IV. SPHERE #1: LOVE WITH ALL OUR HEART: AFFECTIONS
A. Love with all our heart: with all our affection (emotions). The heart speaks of our emotions, affections, longings
and the very impulse of desire that effects every decision we make. The heart is the “hidden current” that moves our
inner man. Our heart has powerful emotions that color the way we see everything. Our heart defines our core reality that
drives all that we do.
23 Keep your heart with all diligence, for out of it spring the issues of life. (Prov. 4:23)
B. We can “set” our love or affections on anything that we choose. Our emotions eventually follow whatever we set
ourselves to pursue. In doing this, we determine the course in which our emotions develop over time. As we change
our goals, the Spirit changes our heart (emotions).
14 Because he has set his love upon Me, therefore I will deliver him… (Ps. 91:14)
C. Setting our love on God includes removing all that diminishes our affections as bitterness, lust and being over stimulated
by entertainment or the pursuit of gaining things and influence.
D. David made a choice to set his heart to love God. We decide the things that eventually form our emotions most.
Our decisions by themselves are not enough to change our emotions. Yet, they are an indispensable part of the process
of emotional transformation.
1 I will love You, O LORD, my strength. (Ps. 18:1)
E. We delight in the Lord or choose to set our affection on Him. We must not underestimate the power of setting our
heart on God. In doing this we put ourselves in the path of the Holy Spirit. We set our heart to love Him by committing to
walk in obedience even when it is costly.
4 Delight yourself also in the LORD, and He shall give you the desires of your heart. (Ps. 37:4)
F. The Spirit honors the power of our decisions and waits on them before imparting love in us.
5 The love of God has been poured out in our hearts by the Holy Spirit... (Rom. 5:5)
G. The power to choose where we set our hearts is part of the great dignity of the human spirit created in God’s
image. Angels do not have affections like humans created in God’s image.
H. We set our heart on loving God by regularly asking for supernatural help to love Jesus. Ask God to pour His love for
Jesus into your heart and to direct the reigns of your heart into His love.
5 May the Lord direct your hearts into the love of God… (2 Thes. 3:5)
I. No one else can give God all “your love” except for you. A unique part of Jesus’ inheritance has been entrusted by
the Father to you specifically. It is the love that only you can give. We only get one opportunity to do this in a fallen world
where love for Jesus is both costly and rare.
J. “Affection-based obedience” is the strongest type of obedience because it flows from experiencing Jesus’ affection.
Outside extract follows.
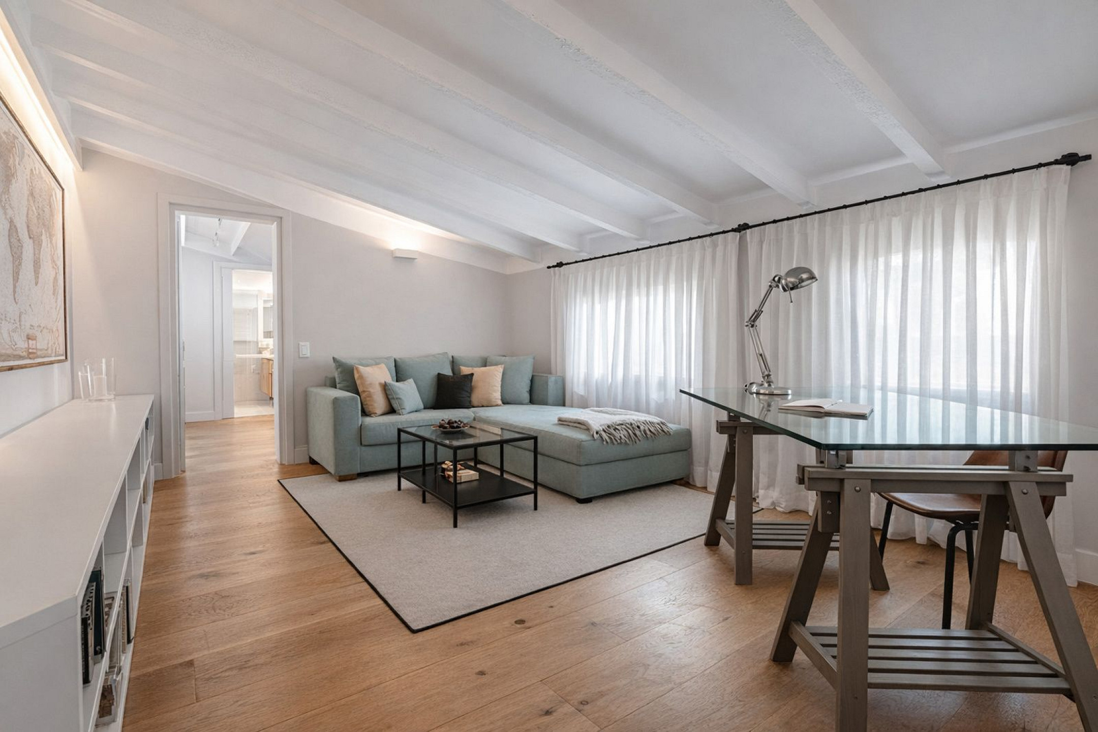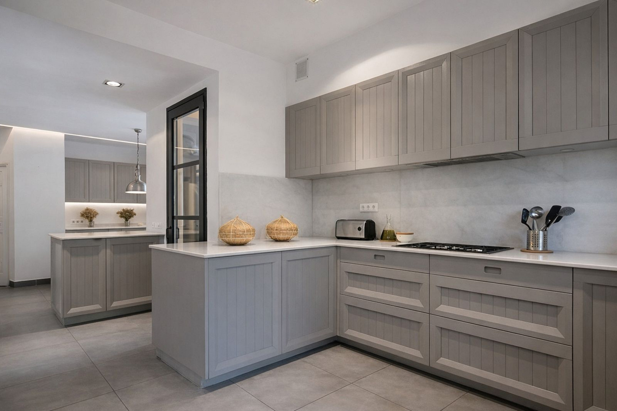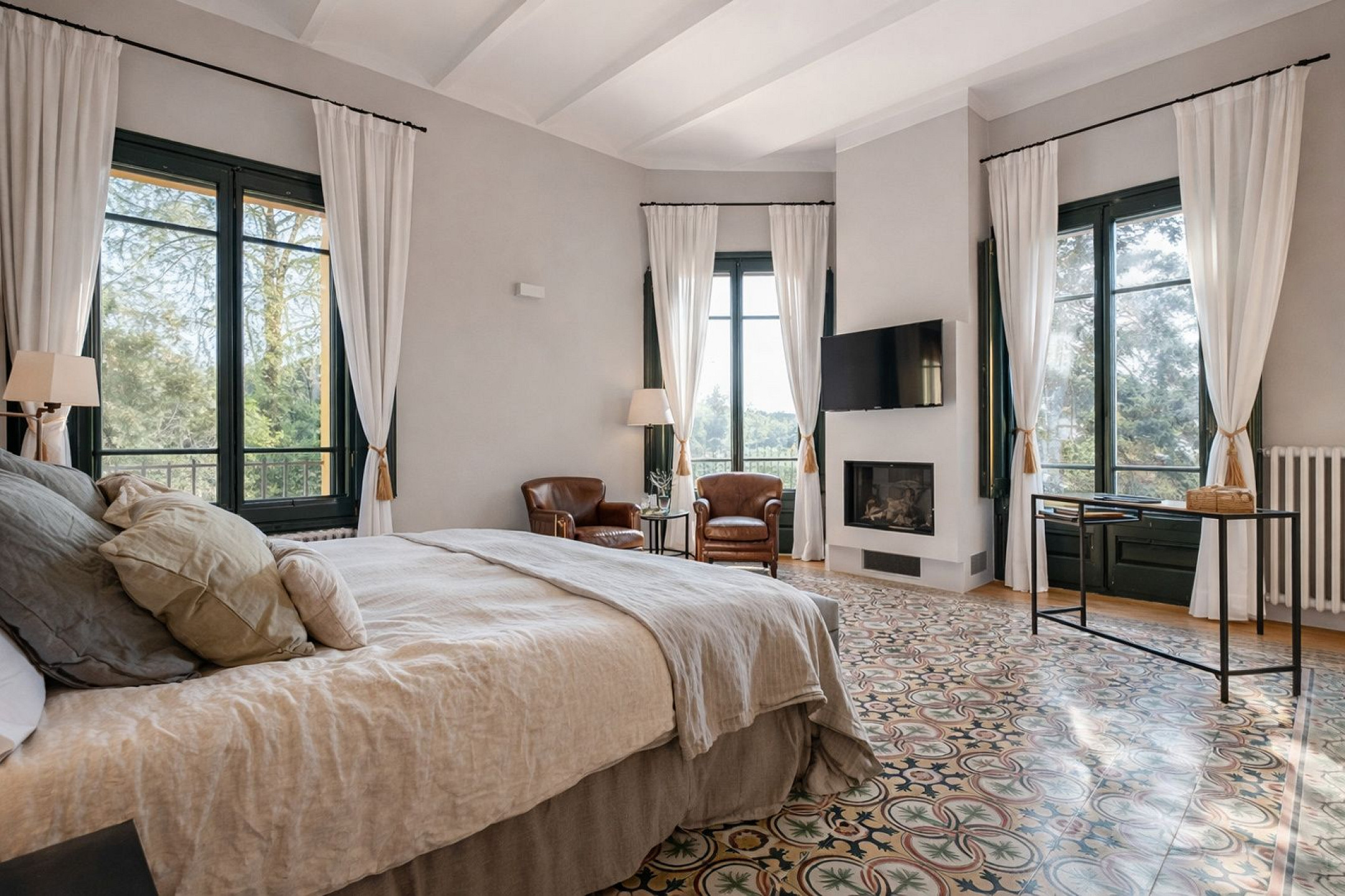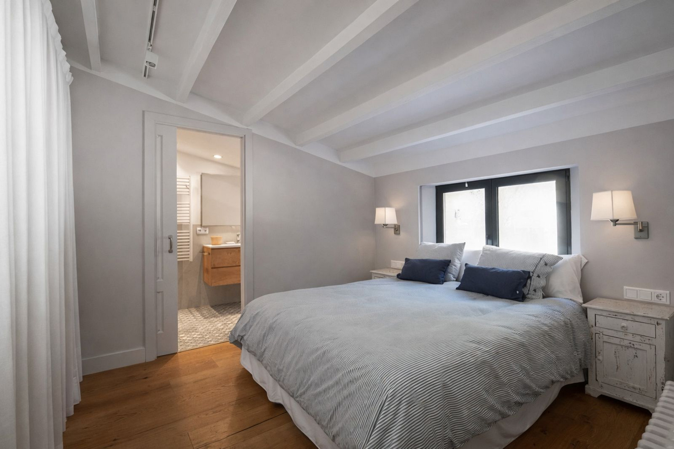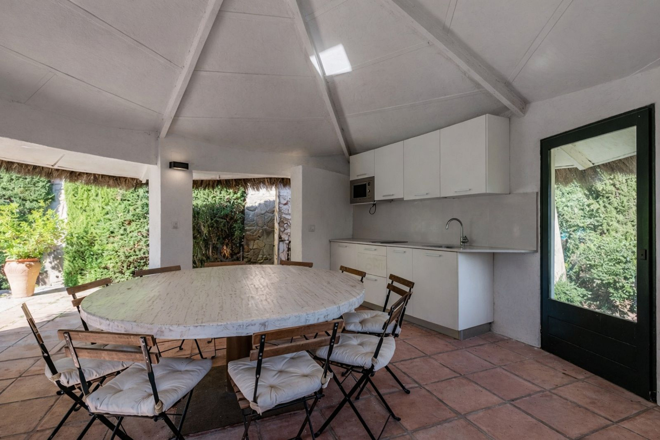 Главный дом элегантно и функционально распределён: 5 двухместных спален, каждая с гардеробной и собственной ванной комнатой; комната для персонала с ванной и прачечной; просторная главная гостиная; два отдельных кабинета для чтения; столовая и полностью оборудованная кухня. Полностью отреставрирована в 2016 году, сочетает в себе материалы высокого качества, просторные интерьеры и средиземноморский стиль, предлагая уникальный комфорт и роскошь для семей или групп, ищущих эксклюзивное жильё.

It is the most consistent obedience because a lovesick person will endure anything for love. People in love are
untouchable. Freedom is found in the yoke of Christ.
V. SPHERE #2: LOVE WITH ALL OUR SOUL: PERSONALITY
A. Love with all our soul: the soul is our personality or the “animation” expressing the uniqueness of our abilities
and desires including the way we talk and walk and what our preferences are.
B. Our personality is expressed most dynamically by our speech. What we say enhances or quenches our ability
to grow in love. Therefore, we set our heart to express ourselves and to communicate in a way that enhances not
diminishes love. When the Spirit is grieved, we do not receive from Him in the same measure (Eph. 4:29-32; 5:1-6).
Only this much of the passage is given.